Action item ▸
Exactly and only the lines below from the one containing "нагрузкам и деформации." down to the one containing "Bullhide presents the" are wanted, both included; please exclude every picture.

Material provided ▸
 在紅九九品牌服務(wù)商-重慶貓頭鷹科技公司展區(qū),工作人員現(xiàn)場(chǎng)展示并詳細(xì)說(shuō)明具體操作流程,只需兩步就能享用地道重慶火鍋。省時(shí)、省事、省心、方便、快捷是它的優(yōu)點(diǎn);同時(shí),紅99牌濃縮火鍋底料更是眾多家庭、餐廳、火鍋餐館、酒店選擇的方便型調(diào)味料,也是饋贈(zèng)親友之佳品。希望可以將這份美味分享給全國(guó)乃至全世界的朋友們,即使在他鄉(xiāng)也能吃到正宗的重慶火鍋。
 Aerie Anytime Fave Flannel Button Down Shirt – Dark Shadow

==

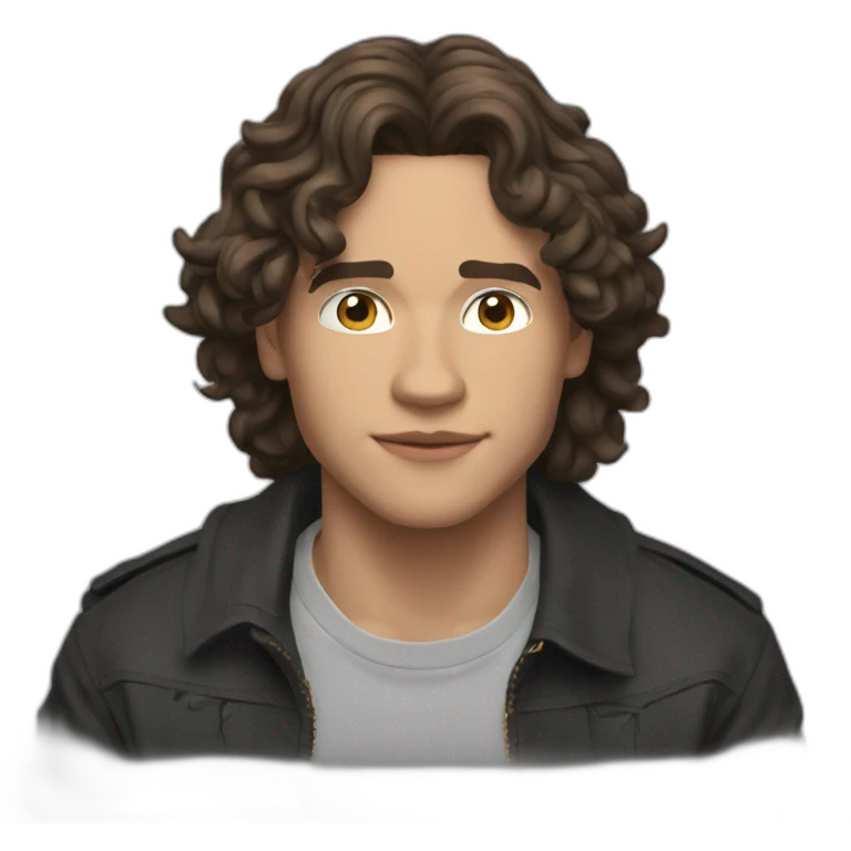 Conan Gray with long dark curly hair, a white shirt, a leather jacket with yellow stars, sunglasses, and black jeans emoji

==

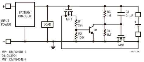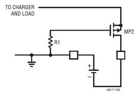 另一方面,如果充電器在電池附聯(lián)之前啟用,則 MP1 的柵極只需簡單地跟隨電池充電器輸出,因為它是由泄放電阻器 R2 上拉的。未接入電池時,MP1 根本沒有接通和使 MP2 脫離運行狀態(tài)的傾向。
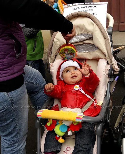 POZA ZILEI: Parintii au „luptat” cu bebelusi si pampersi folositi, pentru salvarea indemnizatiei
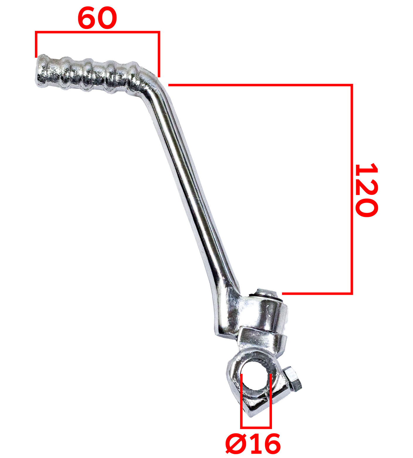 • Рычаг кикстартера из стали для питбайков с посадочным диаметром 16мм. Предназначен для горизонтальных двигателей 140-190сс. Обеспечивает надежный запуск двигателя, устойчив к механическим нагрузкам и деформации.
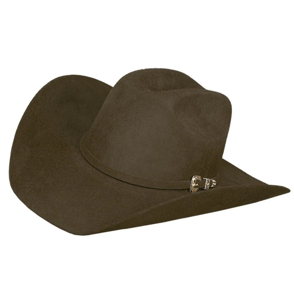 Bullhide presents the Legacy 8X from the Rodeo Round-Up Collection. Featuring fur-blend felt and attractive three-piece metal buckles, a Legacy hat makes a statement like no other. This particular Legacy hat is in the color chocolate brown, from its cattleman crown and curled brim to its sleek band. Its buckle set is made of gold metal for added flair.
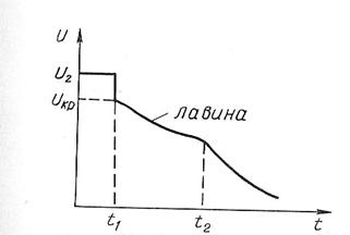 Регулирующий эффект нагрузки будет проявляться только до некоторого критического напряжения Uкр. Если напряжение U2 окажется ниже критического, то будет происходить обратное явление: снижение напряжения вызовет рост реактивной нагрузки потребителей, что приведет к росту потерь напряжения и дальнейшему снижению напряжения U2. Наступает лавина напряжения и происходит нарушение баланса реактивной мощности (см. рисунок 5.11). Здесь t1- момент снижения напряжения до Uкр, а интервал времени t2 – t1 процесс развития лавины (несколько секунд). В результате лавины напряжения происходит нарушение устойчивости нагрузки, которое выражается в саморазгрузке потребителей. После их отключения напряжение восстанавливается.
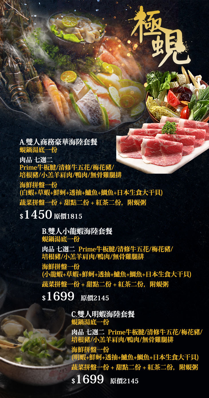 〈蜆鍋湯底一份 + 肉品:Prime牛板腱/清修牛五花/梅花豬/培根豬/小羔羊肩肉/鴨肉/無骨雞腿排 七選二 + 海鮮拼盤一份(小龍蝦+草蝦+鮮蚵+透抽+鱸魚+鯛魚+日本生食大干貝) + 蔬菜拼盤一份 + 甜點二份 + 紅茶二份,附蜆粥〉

Solution to this task ▸
 • Рычаг кикстартера из стали для питбайков с посадочным диаметром 16мм. Предназначен для горизонтальных двигателей 140-190сс. Обеспечивает надежный запуск двигателя, устойчив к механическим нагрузкам и деформации.
 Bullhide presents the Legacy 8X from the Rodeo Round-Up Collection. Featuring fur-blend felt and attractive three-piece metal buckles, a Legacy hat makes a statement like no other. This particular Legacy hat is in the color chocolate brown, from its cattleman crown and curled brim to its sleek band. Its buckle set is made of gold metal for added flair.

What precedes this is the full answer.